◆ **Task objective**:
Could you copy exactly the lines below from the one with "Homcom Crystal Chandelier" to the one with "要,可上提桿柱1—1.5米后", inclusive, leaving out any pictures?
==================================================
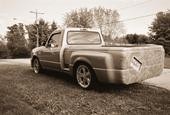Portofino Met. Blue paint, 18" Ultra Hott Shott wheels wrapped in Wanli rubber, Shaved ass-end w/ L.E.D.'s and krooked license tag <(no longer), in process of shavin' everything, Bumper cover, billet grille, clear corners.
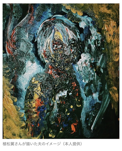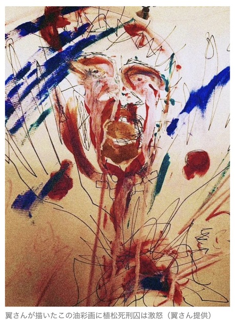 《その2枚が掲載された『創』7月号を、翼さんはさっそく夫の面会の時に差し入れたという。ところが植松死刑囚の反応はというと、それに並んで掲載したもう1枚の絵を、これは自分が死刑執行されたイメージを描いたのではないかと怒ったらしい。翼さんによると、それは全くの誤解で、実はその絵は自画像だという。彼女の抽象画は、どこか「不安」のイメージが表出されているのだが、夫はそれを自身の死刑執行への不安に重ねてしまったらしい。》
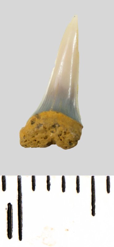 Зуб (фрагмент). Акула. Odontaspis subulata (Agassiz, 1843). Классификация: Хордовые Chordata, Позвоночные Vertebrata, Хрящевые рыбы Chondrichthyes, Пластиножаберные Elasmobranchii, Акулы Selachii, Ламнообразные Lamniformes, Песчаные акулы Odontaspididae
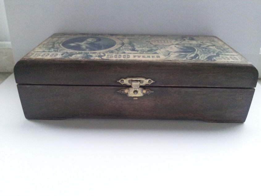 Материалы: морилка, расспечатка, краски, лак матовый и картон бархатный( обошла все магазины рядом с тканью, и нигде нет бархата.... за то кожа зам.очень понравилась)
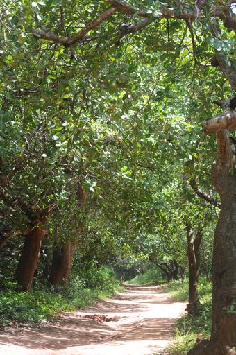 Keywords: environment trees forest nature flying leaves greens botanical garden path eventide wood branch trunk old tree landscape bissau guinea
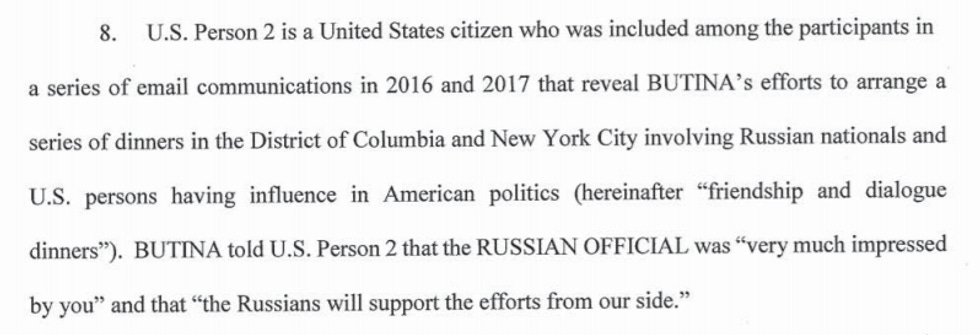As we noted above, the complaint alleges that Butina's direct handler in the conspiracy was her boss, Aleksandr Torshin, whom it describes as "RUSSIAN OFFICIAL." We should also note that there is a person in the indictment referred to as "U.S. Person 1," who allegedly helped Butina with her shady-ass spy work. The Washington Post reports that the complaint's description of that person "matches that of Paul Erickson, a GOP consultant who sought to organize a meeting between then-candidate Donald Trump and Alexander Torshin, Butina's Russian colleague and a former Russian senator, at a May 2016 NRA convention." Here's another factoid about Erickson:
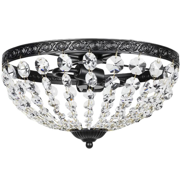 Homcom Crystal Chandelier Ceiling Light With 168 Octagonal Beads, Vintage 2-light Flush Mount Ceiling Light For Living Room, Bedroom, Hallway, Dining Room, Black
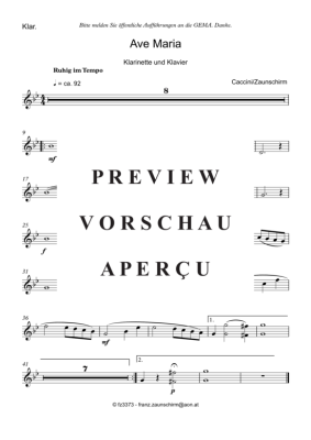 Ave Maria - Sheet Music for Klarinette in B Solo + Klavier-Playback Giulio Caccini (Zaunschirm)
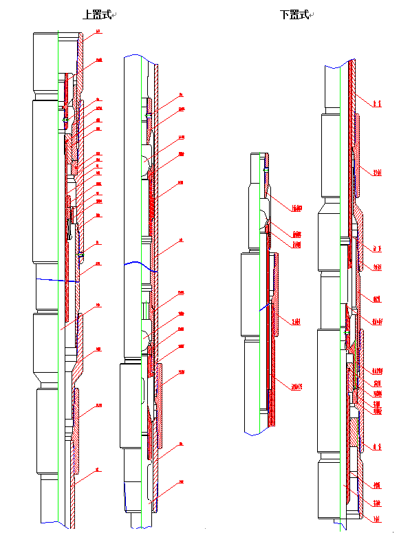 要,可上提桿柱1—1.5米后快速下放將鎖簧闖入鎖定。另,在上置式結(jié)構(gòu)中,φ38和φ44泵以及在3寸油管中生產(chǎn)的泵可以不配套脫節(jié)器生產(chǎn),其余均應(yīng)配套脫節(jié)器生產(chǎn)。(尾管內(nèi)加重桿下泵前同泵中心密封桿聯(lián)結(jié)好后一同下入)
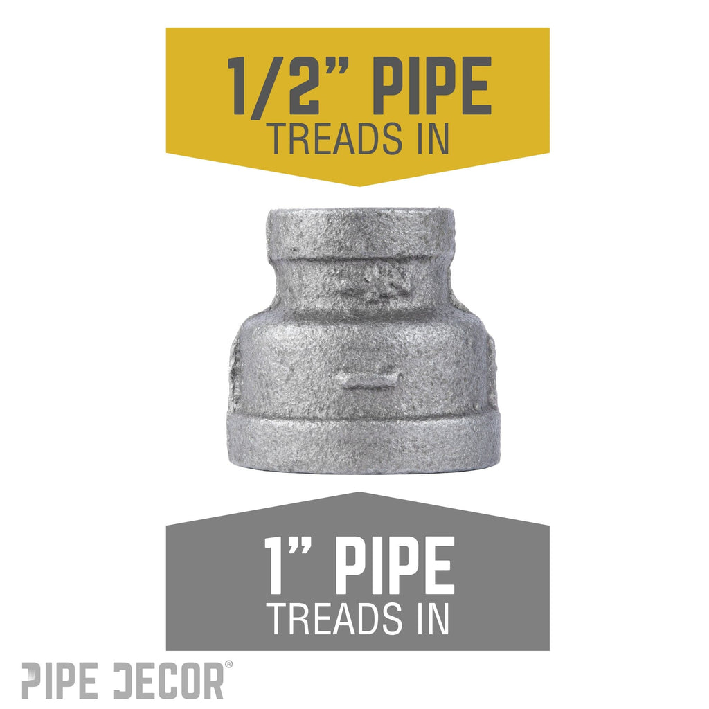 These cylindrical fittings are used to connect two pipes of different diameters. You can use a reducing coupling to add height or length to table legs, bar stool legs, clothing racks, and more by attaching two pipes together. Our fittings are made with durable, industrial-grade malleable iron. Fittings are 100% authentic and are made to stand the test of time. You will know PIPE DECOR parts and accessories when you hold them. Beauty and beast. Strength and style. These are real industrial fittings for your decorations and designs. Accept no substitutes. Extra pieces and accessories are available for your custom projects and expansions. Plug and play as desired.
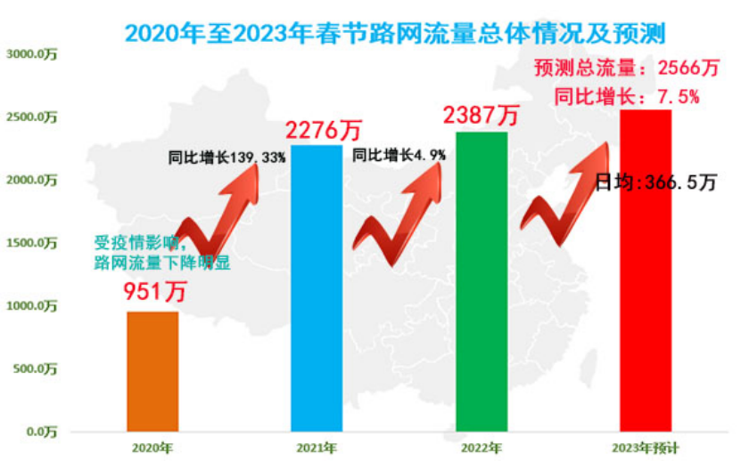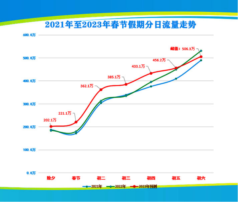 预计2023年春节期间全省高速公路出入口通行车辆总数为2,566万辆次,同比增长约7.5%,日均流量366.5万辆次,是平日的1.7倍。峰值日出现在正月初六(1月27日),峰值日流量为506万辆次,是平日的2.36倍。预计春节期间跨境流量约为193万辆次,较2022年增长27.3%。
==================================================
◆ **Exercise output**:
 Homcom Crystal Chandelier Ceiling Light With 168 Octagonal Beads, Vintage 2-light Flush Mount Ceiling Light For Living Room, Bedroom, Hallway, Dining Room, Black
 Ave Maria - Sheet Music for Klarinette in B Solo + Klavier-Playback Giulio Caccini (Zaunschirm)
 要,可上提桿柱1—1.5米后快速下放將鎖簧闖入鎖定。另,在上置式結(jié)構(gòu)中,φ38和φ44泵以及在3寸油管中生產(chǎn)的泵可以不配套脫節(jié)器生產(chǎn),其余均應(yīng)配套脫節(jié)器生產(chǎn)。(尾管內(nèi)加重桿下泵前同泵中心密封桿聯(lián)結(jié)好后一同下入)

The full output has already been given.